Auto-perfused flow-chamber

In order to investigate neutrophil arrest, we used a previously published flow chamber system (31, 32), Briefly, rectangular glass capillaries (20 x 200 µm, VitroCom) were coated with P-selectin (40 µg/ml, R&D Systems), ICAM-1 (25 µg/ml, R&D Systems), and CXCL1 (25 µg/ml, R&D Systems) for 2 h, and blocked for 1 h with casein (Thermo Fisher Scientific). The chamber was connected at one side to a PE 50 tubing and used to control the wall shear stress. The other side of the chamber was connected to a syringe filled with isolated PMNs resuspended in PBS containing 1mM Mg²⁺ and 1mM Ca²⁺. We perfused each chamber with PMNs for 6 min before we recorded representative fields of view for 30s using an SW40/0.75 objective (Axio Scope, Carl Zeiss).

Intravital microscopy

We prepared cremaster muscle for intravital microscopy as described previously (32, 33) and investigated leukocyte rolling flux fraction, rolling velocity, adhesion and extravasation in postcapillary venules (20–40 µm diameter) 4 h after an intrascrotal injection of 50 ng Il-1β.

Reverse transcription and quantitative Taqman real-time PCR (qPCR)

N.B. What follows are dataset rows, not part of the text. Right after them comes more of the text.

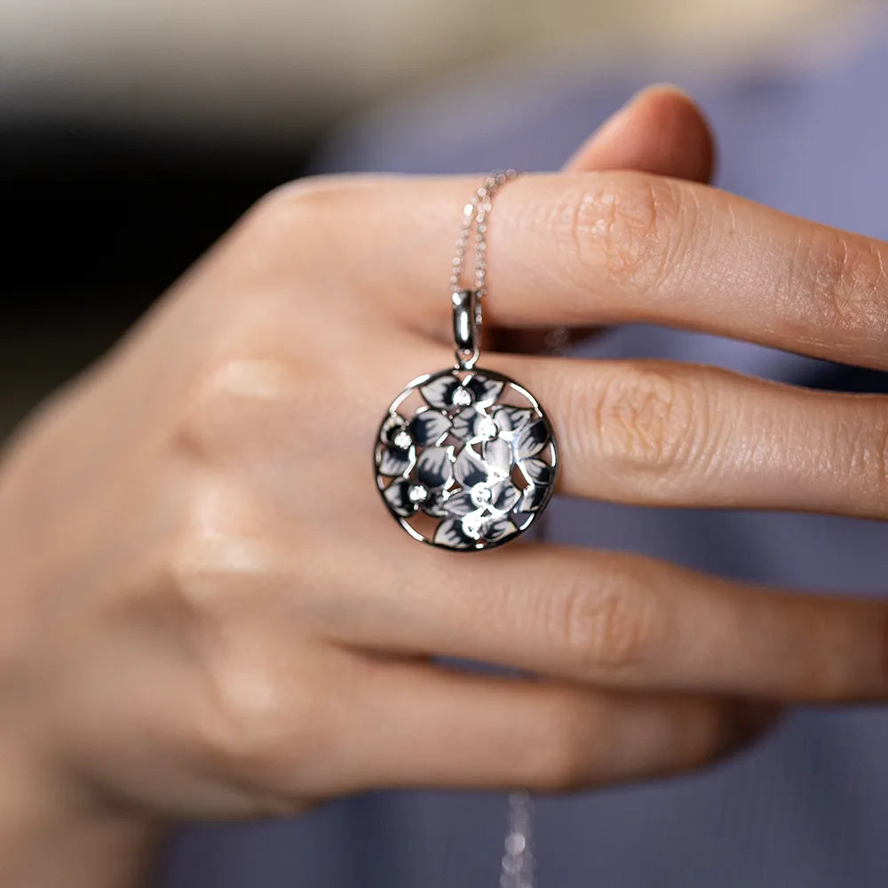 Radiating vibrant elegance, the “Aurelian Bloom Set” captures the colorful essence of nature’s beauty, inspired by the golden era of Roman artistry. Crafted from sterling silver .925 and adorned with colorful enamel patterns, this teardrop-shaped pendant and matching earrings symbolize abundance, joy, and prosperity. The interplay of vivid hues and delicate floral motifs celebrates the dynamic and spirited life of ancient empresses.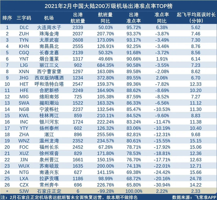 2月,中国大陆200万级机场准点率排名中,排名前三的机场分别是大连周水子机场、珠海金湾机场、太原武宿机场。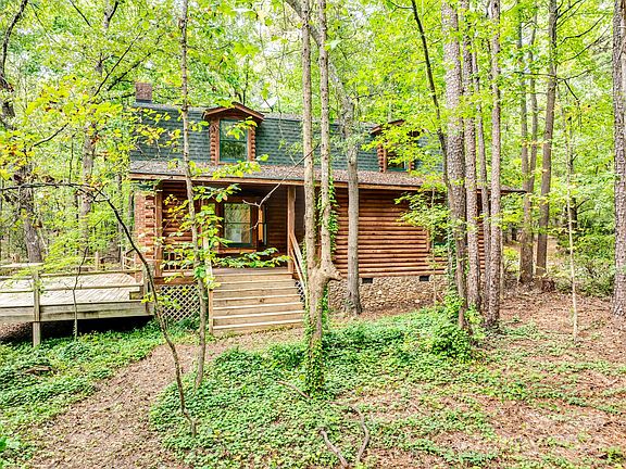Welcome home! Tucked away on over 50 acres of secluded, private land, this log cabin offers the ultimate getaway. With 4 bedrooms and 3 full baths, this home is ideal for those seeking both comfort & privacy. The great room features impressive vaulted ceilings, a charming stone fireplace, & a large bay window seat that fills the space with natural light. The kitchen is ideal for entertaining, featuring a spacious island, dual ovens, & a cozy breakfast nook with scenic views of nature. Two versatile flex spaces can be tailored to fit your needs—perfect for a home office or craft room. Skylights in the upstairs bedroom & flex room bring in the sunshine, creating a warm and welcoming ambiance throughout the home. Step outside onto the welcoming front porch or unwind on the spacious deck, soaking in the peaceful surroundings. This secluded property offers a true retreat, with two creeks flowing through the landscape, providing unmatched privacy and nature's beauty right at your doorstep.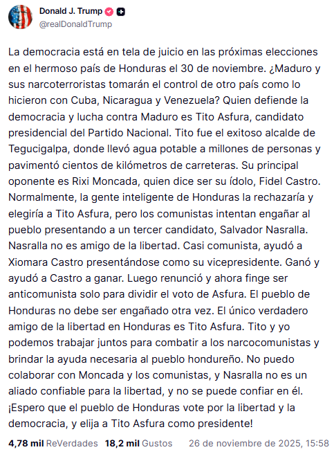 En su mensaje en la red social Truth, Donald Trump instó a respaldar a Nasry Asfura en las elecciones y acusó a los otros contendientes de impulsar un “avance comunista”.

After euthanasia of the animals, ears were excised and either snap-frozen in liquid nitrogen, followed by preparation of total RNA using the RNAeasy kit (Qiagen, Hilden, Germany). One microgram of total RNA was transcribed using the First Stand cDNA Synthesis Kit (Fermentas, St. Leon Rot, Germany). To detect Dcn, Sdc1 and Gapdh expression, conventional PCR was used with primer pairs for Dcn-sense 5’ CCT TCT GGC ACA AGT CTC TTG G 3’ Dcn-antisense 5’ TCG AAG ATG ACA CTG GCA TCG G 3’ (24), Sdc1-sense 5’ GAC TCT GAC AAC TTC TCT GGC TCT 3’, Sdc1-antisense 5’ GCT GTG GTG ACT CTG ACT GTT G ‘3 and Gapdh. cDNA corresponding to 25 ng of total RNA was used as a template in the PCR consisting of Applied Biosystems MasterMix and predesigned TaqMan gene expression systems (Applied Biosystems, Darmstadt, Germany) according to the manufacturer’s instructions. For detection of Sdc1, Tnfα, and Icam1 mRNA, primers Mm00448918_m1 (Sdc1 exons 2 and 3), Mm00443258_m1 (Tnfα exons 1 and 2), and Mm00516023_m1 (Icam1 exons 2 and 3) were used and normalized to the expression of mammalian 18S rRNA (Hs99999901_s1, all primers from Applied Biosystems). qPCR was performed with an Applied Biosystems PRISM 7300 Sequence Detection System using the default thermal cycling conditions (10 minutes at 95°C and 40 cycles of 15 seconds at 95°C plus 1 minute at 60°C). Relative quantification was performed using the comparative cycle threshold method (34). Three to five biological replicates were used for each time point investigated. For statistical analysis, the Mann-Withney U-test was used. A P < 0.05 was considered statistically significant.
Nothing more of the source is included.